*** PROVIDED DATA ***

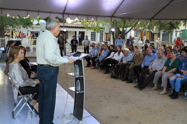 El evento tuvo lugar en la entrada del pueblo de La Higuerita, justo frente al panteón, donde el gobernador Rocha recordó que tiene sepultados a tres de sus cuatro abuelos maternos y paternos, y otros familiares.
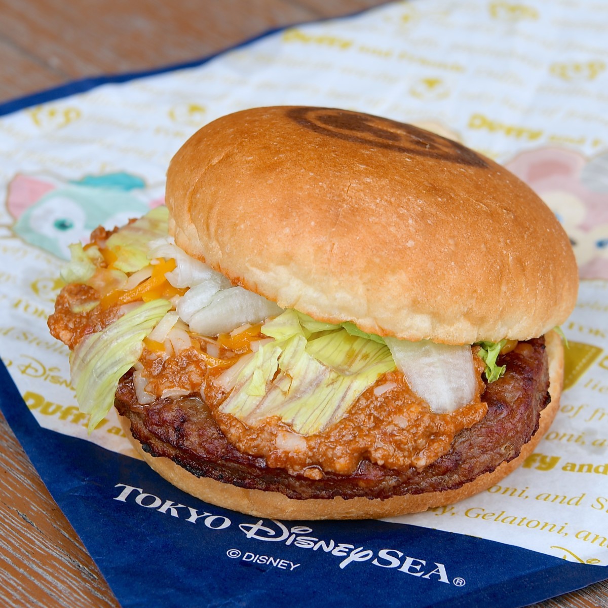 ダッフィーの焼印がデザインされたスペシャルバーガー(ミートソース&チーズのハンバーガー)
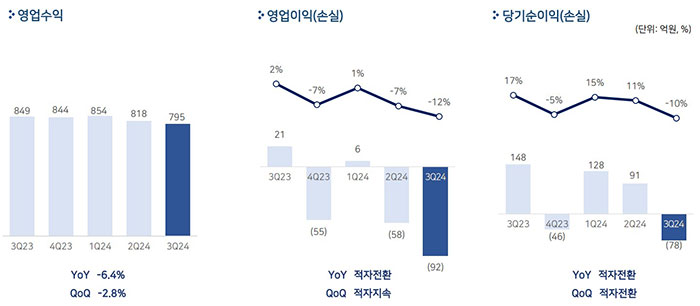 펄어비스(대표 허진영)가 12일 실적 발표를 통해 2024년 연결 기준 3분기 매출 795억원, 영업손실 92억원, 당기순손실 78억으로, 매출은 전년동기 대비 6.4% 감소했고 영업이익, 당기순이익은 주요 IP 매출 감소, 마케팅 비용 등 일외성 비용 증가로 인해 적자를 기록했다.
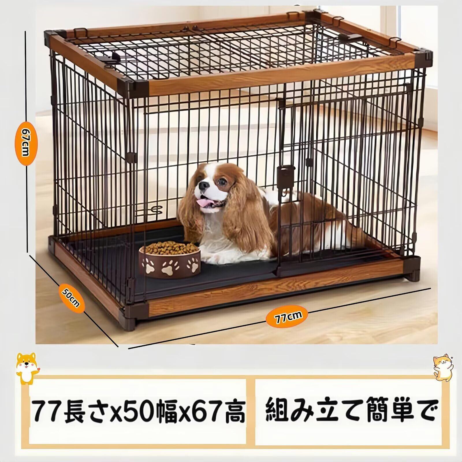 TUIYIDUO 犬ケージ ペットケージ 犬 サークル 76.5長さ x 55幅 x 60.5高さ cm 折りたたみ可能 屋根付き トレー付き 掃除簡単 適用小型/中型/大型犬 脱走防止 室内外兼用 日本語説明書付き
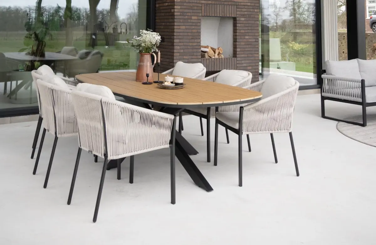 Deze grote ruime tuintafel is gecombineerd met 8 Camel Elvira tuinstoelen. Maak kennis met de Elvira stapelbare tuinstoel – een elegante en praktische keuze voor jouw buitenruimte. Deze stoel combineert een moderne uitstraling met optimaal zitcomfort, perfect voor elke gelegenheid. Het moderne aluminium frame zorgt voor een lichte, maar robuuste constructie die makkelijk te verplaatsen is, terwijl de stoel dankzij het stapelbare ontwerp efficiënt kan worden opgeborgen. De zitting en rugleuning van de Elvira tuinstoel zijn afgewerkt met duurzaam Sake-kleurig rope, dat niet alleen een warme uitstraling heeft maar ook een comfortabele ondersteuning biedt. Het rope past zich subtiel aan de natuurlijke vorm van de rug aan en biedt een flexibele en ergonomische zitervaring. De zachte kleurtonen van het frame en het rope maken de Elvira tuinstoel een ideale keuze voor zowel Japandi als Scandinavische tuinstijlen, en voegen een rustgevende uitstraling toe aan jouw terras of tuin.
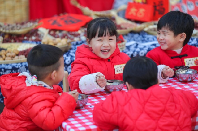 小朋友在品尝腊八粥。通讯员 王正 摄
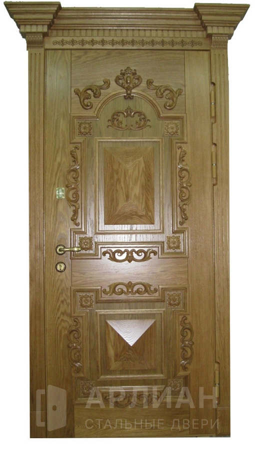 Входная парадная дверь с ковкой отделка натуральным деревом №79
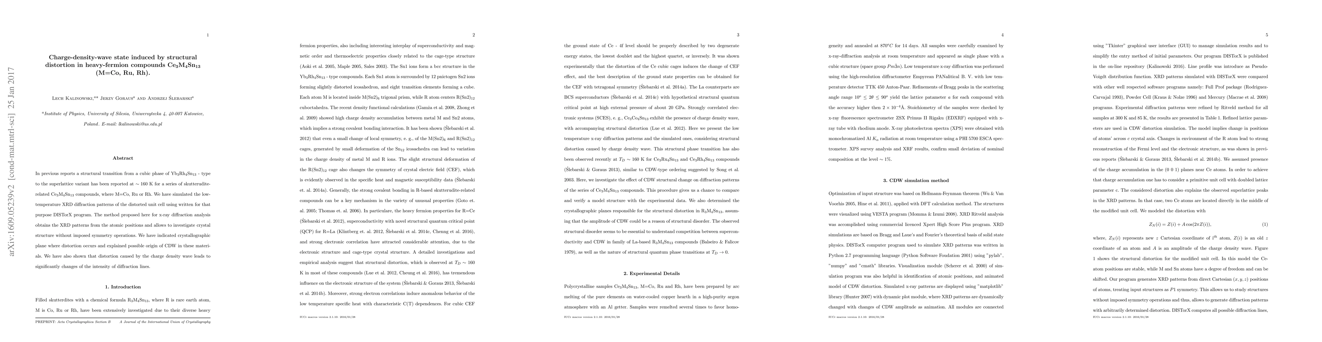 Researchers studied the structural distortion in heavy-fermion compounds Ce$_3$M$_4$Sn$_{13}$, revealing a charge-density wave state that alters diffraction patterns.
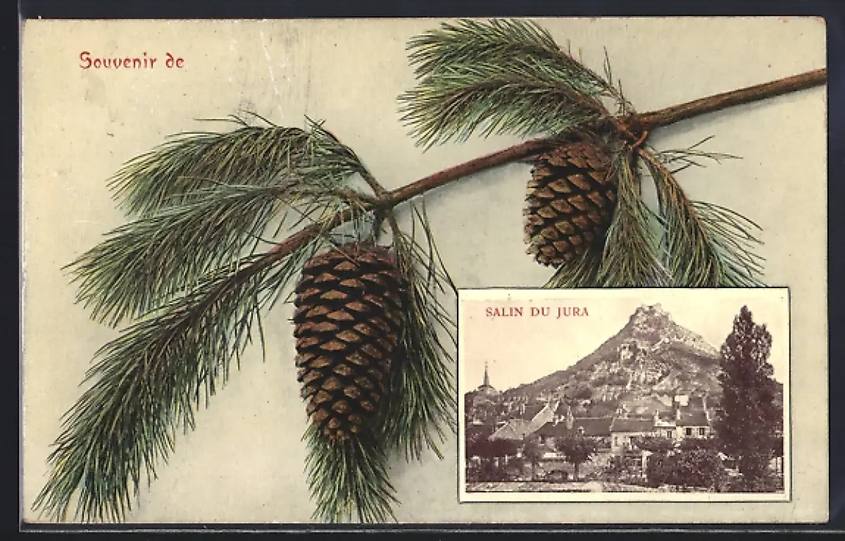 Passepartout-AK Dresden, Gesamtansicht auf Frauenkirche, Tannenzweig mit Tannenzapfen
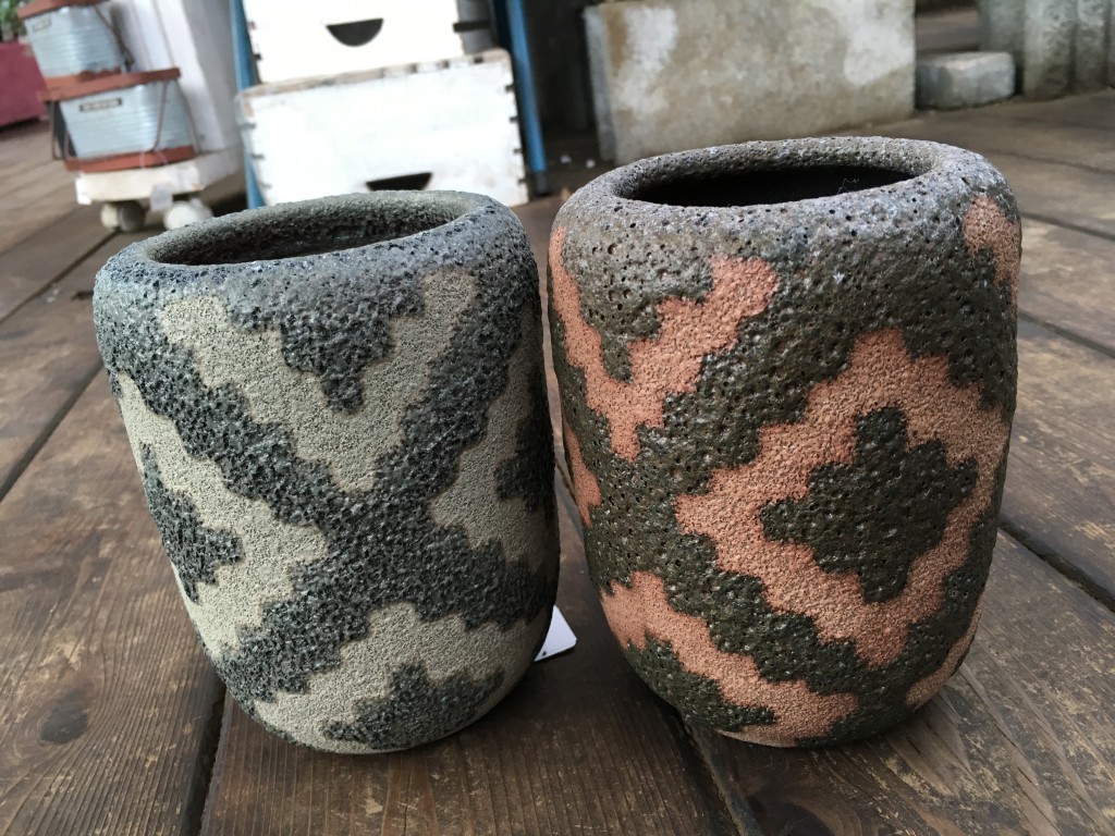 個性的な柄ですが、落ち着いた色でサボテンとも相性抜群☆
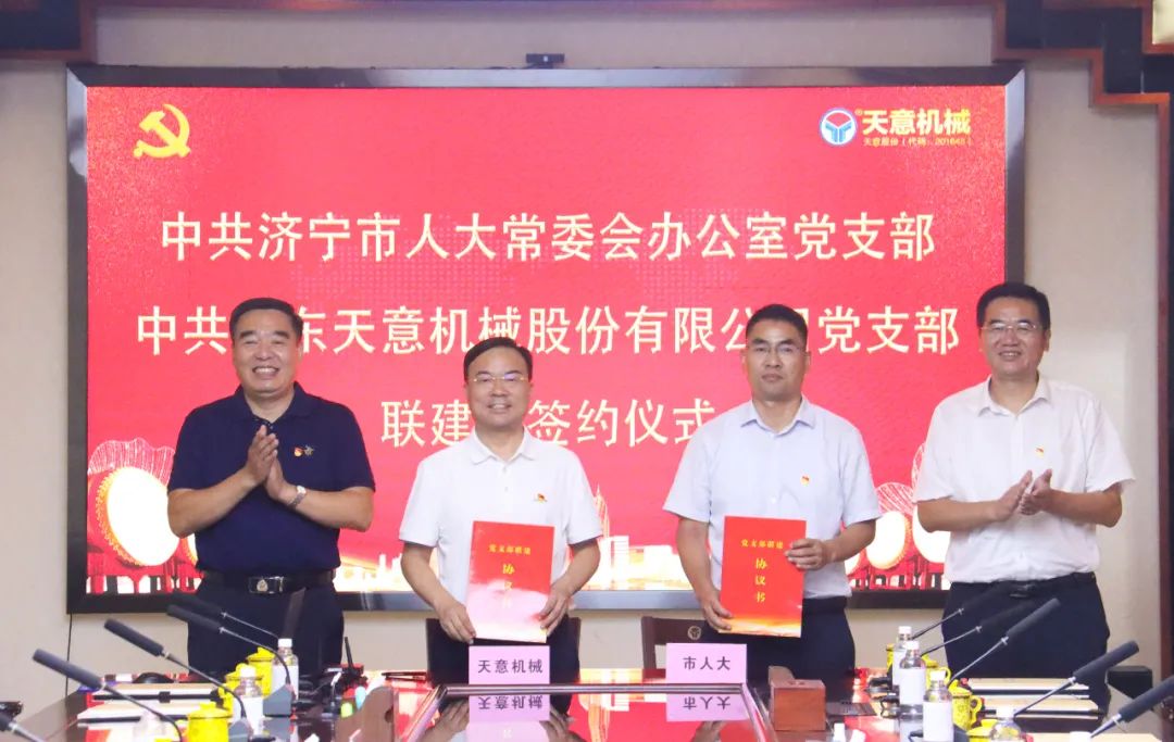 中共濟(jì)寧市人大常委會(huì)辦公室黨支部與中共山東天意機(jī)械股份有限公司黨支部舉行聯(lián)建暨簽約儀式
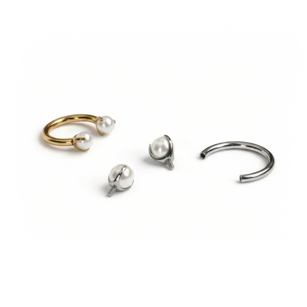 Wie zei dat parels alleen voor kettingen zijn? Ontmoet het titanium hoefijzer met parels van Bodymod Trend. Een beetje edgy, een beetje klassiek, en 100% klaar om in jouw piercings te flexen.
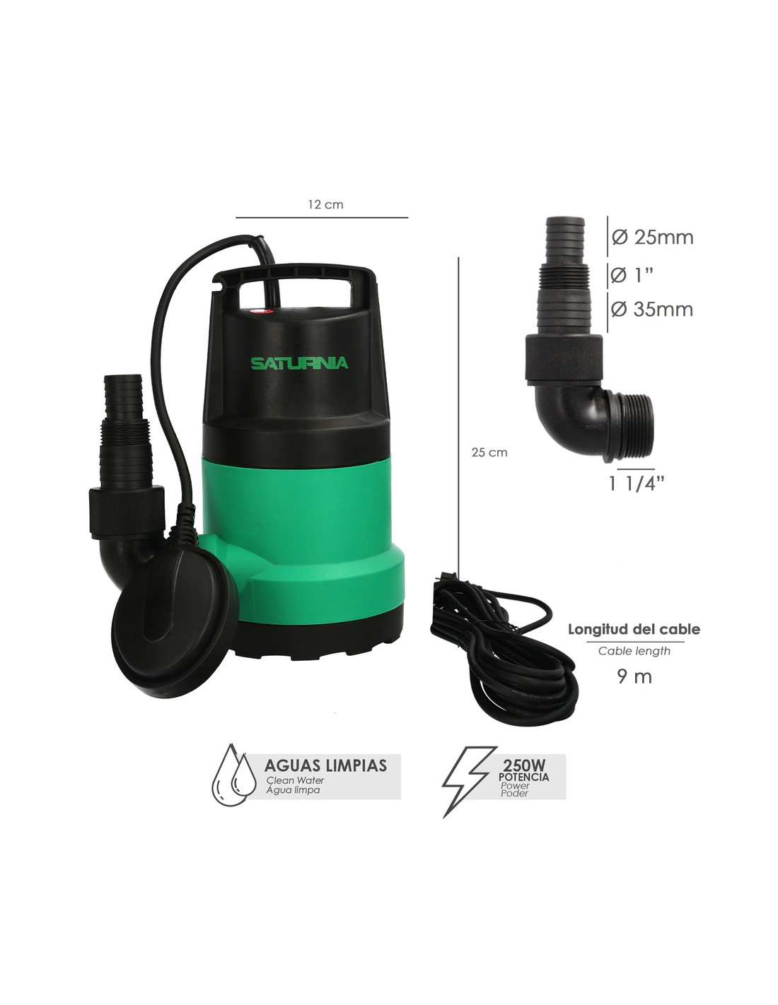 Bomba achique SATURNIA 250w 5500lt/h aguas limpias 08064000
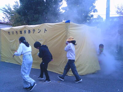 その後4年生は煙中体験、6年生は起震車体験を行いました。
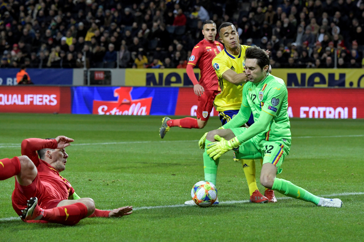 Soccer Football - Euro 2020 Qualifier - Group F - Sweden v Romania - Friends Aren, Stockholm, Sweden - March 23, 2019 Sweden's Robin Quaison and Romania's goalkeeper Ciprian Tatarusanu in action. TT News Agency/Jaenrik Henriksson/via REUTERS
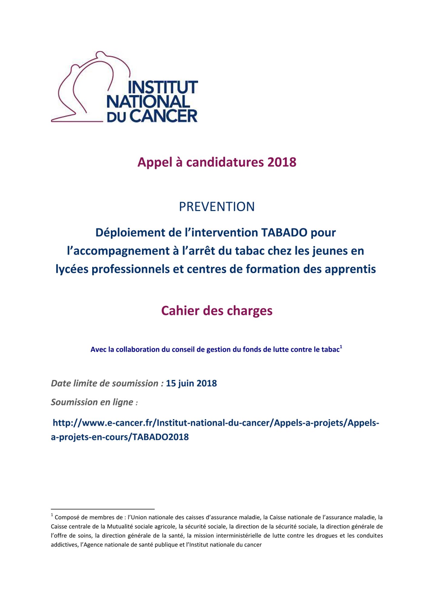 Dans le cadre du fonds de lutte contre le tabac, l’Institut national du cancer souhaite promouvoir l’accompagnement à l’arrêt du tabac chez les jeunes en situation vulnérable, en soutenant le déploiement de l’intervention « Tabado » dans l’ensemble des régions au sein des centres de formation des apprentis (CFA) et des lycées professionnels.
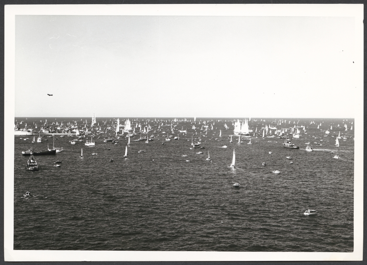 Titel: Flygbild som visar en stor mäng segelfartyg under starten till Tall Ships Race i Göteborg 1968.
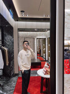 正确版秋季字母刺绣圆领袖标卫衣时尚简约经典百搭男女款套头上衣

***

Now write out the data word for word, skipping every picture in it.

 El evento tuvo lugar en la entrada del pueblo de La Higuerita, justo frente al panteón, donde el gobernador Rocha recordó que tiene sepultados a tres de sus cuatro abuelos maternos y paternos, y otros familiares.
 ダッフィーの焼印がデザインされたスペシャルバーガー(ミートソース&チーズのハンバーガー)
 펄어비스(대표 허진영)가 12일 실적 발표를 통해 2024년 연결 기준 3분기 매출 795억원, 영업손실 92억원, 당기순손실 78억으로, 매출은 전년동기 대비 6.4% 감소했고 영업이익, 당기순이익은 주요 IP 매출 감소, 마케팅 비용 등 일외성 비용 증가로 인해 적자를 기록했다.
 TUIYIDUO 犬ケージ ペットケージ 犬 サークル 76.5長さ x 55幅 x 60.5高さ cm 折りたたみ可能 屋根付き トレー付き 掃除簡単 適用小型/中型/大型犬 脱走防止 室内外兼用 日本語説明書付き
 Deze grote ruime tuintafel is gecombineerd met 8 Camel Elvira tuinstoelen. Maak kennis met de Elvira stapelbare tuinstoel – een elegante en praktische keuze voor jouw buitenruimte. Deze stoel combineert een moderne uitstraling met optimaal zitcomfort, perfect voor elke gelegenheid. Het moderne aluminium frame zorgt voor een lichte, maar robuuste constructie die makkelijk te verplaatsen is, terwijl de stoel dankzij het stapelbare ontwerp efficiënt kan worden opgeborgen. De zitting en rugleuning van de Elvira tuinstoel zijn afgewerkt met duurzaam Sake-kleurig rope, dat niet alleen een warme uitstraling heeft maar ook een comfortabele ondersteuning biedt. Het rope past zich subtiel aan de natuurlijke vorm van de rug aan en biedt een flexibele en ergonomische zitervaring. De zachte kleurtonen van het frame en het rope maken de Elvira tuinstoel een ideale keuze voor zowel Japandi als Scandinavische tuinstijlen, en voegen een rustgevende uitstraling toe aan jouw terras of tuin.
 小朋友在品尝腊八粥。通讯员 王正 摄
 Входная парадная дверь с ковкой отделка натуральным деревом №79
 Researchers studied the structural distortion in heavy-fermion compounds Ce$_3$M$_4$Sn$_{13}$, revealing a charge-density wave state that alters diffraction patterns.
 Passepartout-AK Dresden, Gesamtansicht auf Frauenkirche, Tannenzweig mit Tannenzapfen
 個性的な柄ですが、落ち着いた色でサボテンとも相性抜群☆
 中共濟(jì)寧市人大常委會(huì)辦公室黨支部與中共山東天意機(jī)械股份有限公司黨支部舉行聯(lián)建暨簽約儀式
 Wie zei dat parels alleen voor kettingen zijn? Ontmoet het titanium hoefijzer met parels van Bodymod Trend. Een beetje edgy, een beetje klassiek, en 100% klaar om in jouw piercings te flexen.
 Bomba achique SATURNIA 250w 5500lt/h aguas limpias 08064000
 その後4年生は煙中体験、6年生は起震車体験を行いました。
 Soccer Football - Euro 2020 Qualifier - Group F - Sweden v Romania - Friends Aren, Stockholm, Sweden - March 23, 2019 Sweden's Robin Quaison and Romania's goalkeeper Ciprian Tatarusanu in action. TT News Agency/Jaenrik Henriksson/via REUTERS
 Dans le cadre du fonds de lutte contre le tabac, l’Institut national du cancer souhaite promouvoir l’accompagnement à l’arrêt du tabac chez les jeunes en situation vulnérable, en soutenant le déploiement de l’intervention « Tabado » dans l’ensemble des régions au sein des centres de formation des apprentis (CFA) et des lycées professionnels.
 Titel: Flygbild som visar en stor mäng segelfartyg under starten till Tall Ships Race i Göteborg 1968.
 正确版秋季字母刺绣圆领袖标卫衣时尚简约经典百搭男女款套头上衣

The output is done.